Pessimism feels like vigilance, distrust like intelligence, being unimpressed like proof you can’t be fooled. So to dunk is to be rational, realistic, well-reasoned.
And the dunk has become its own genre. It travels, while “honestly, I liked it” sinks without a ripple, so the sour take is winning the room before anyone’s read a word of it.

the second hobby
So there’s a dumb version of this essay where the moral is “criticism bad, positivity good,” and that essay is just wrong, which is why I’m not writing it. There’s plenty of fake positivity: brand loyalty that’s basically a personality, fanboys who’ll defend a buggy launch with their lives, people who confuse owning a thing with the thing being good. There are real defects, real broken launches, real reasons to be furious at a company that took your money and shipped you a beta. Some complaints are simply correct.

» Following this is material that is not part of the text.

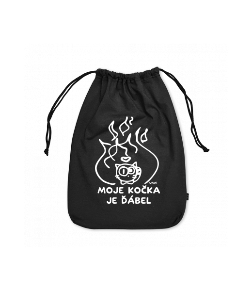 Small cotton pouch for kid with design 1326 MOJE KOČKA JE ĎÁBEL in color BLACK

But in a lot of these communities the complaining has seemingly outlived whatever it was diagnosing. It’s a hobby now, a parallel one, running alongside the actual use of the thing, oftentimes replacing it. People put more hours into cataloging what’s wrong with a game than playing it, more energy into the forum thread about the car than the drives. The complaint becomes the product, the product becomes the audit, and they enjoy the audit more than they ever enjoyed the thing.

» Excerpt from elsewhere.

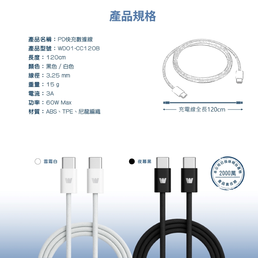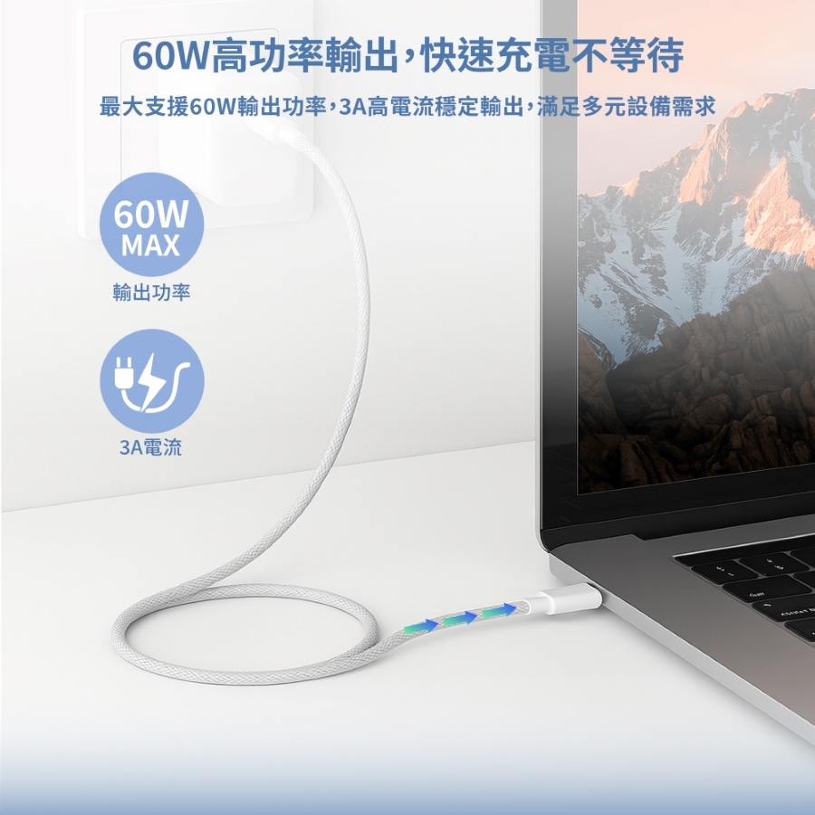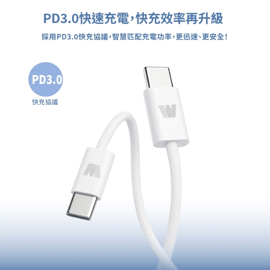 Wephone 60W PD快充數據線1.2M-白色 - 主要圖片

Because the audit consistently pays out three dividends.
Identity, because you’re one of the people who sees clearly.
Belonging, because the unhappy form tribes faster than the happy.
Status, because disappointment signals discernment and satisfaction signals you’ll eat anything.

So, you get an arms race where being hard to please is a flex. The most miserable person in the thread is the most respected one and the guy who still likes the thing is… well, a little embarrassing.
It seems these days a lot of people don’t know how to enjoy something for what it is anymore. They’re better at inhabiting what it isn’t. Hand them something and they’ll tell you all about the better version (that doesn’t exist), the corners that got cut, the thing it should have been. That skill, seeing the absence, has been trained hard. The other one, liking what’s in front of you, has gone soft.
the year-long grudge
So where’s the line?
I’m not telling you to shut up and be grateful. Honest end-user feedback is one of the few good things the internet still does, the guy who actually owns the car telling you about the rattle the reviewer never had time to find.
And yes, plenty of it genuinely got worse, shipped broken, paywalled, rotted in place while the price climbed. But that feels like its become the alibi. The recreational cynic stands in the middle of that crowd and borrows its legitimacy, because a thread full of real grievances is the best place to hide a fake one.
The line is probably whether the criticism is still pointed at the thing. Real criticism wants the thing better, or wants you to know what you’re buying. Recreational cynicism wants nothing fixed, it wants an audience. One is diagnosis, the other is performance, and the tell is that it never resolves. A diagnosis ends when the problem’s named but a performance always needs a new episode.
The same goes for the superfans. They’re performing for an audience exactly like the cynic, and the cheering never resolves the way the complaining never does, because there’s nothing in it to fix. Permanent delight is as stuck as permanent disgust, just better-mannered about it and sometimes more pleasant to be around.
What worries me is the complaint becoming more satisfying than the thing ever was. You can spend a year angry at a game you played for thirty hours. You can get more out of hating something than you ever got out of having it. At some point the object stops being what the disappointment is about and instead it’s just the occasion, and the disappointment was the thing that deep down, you wanted.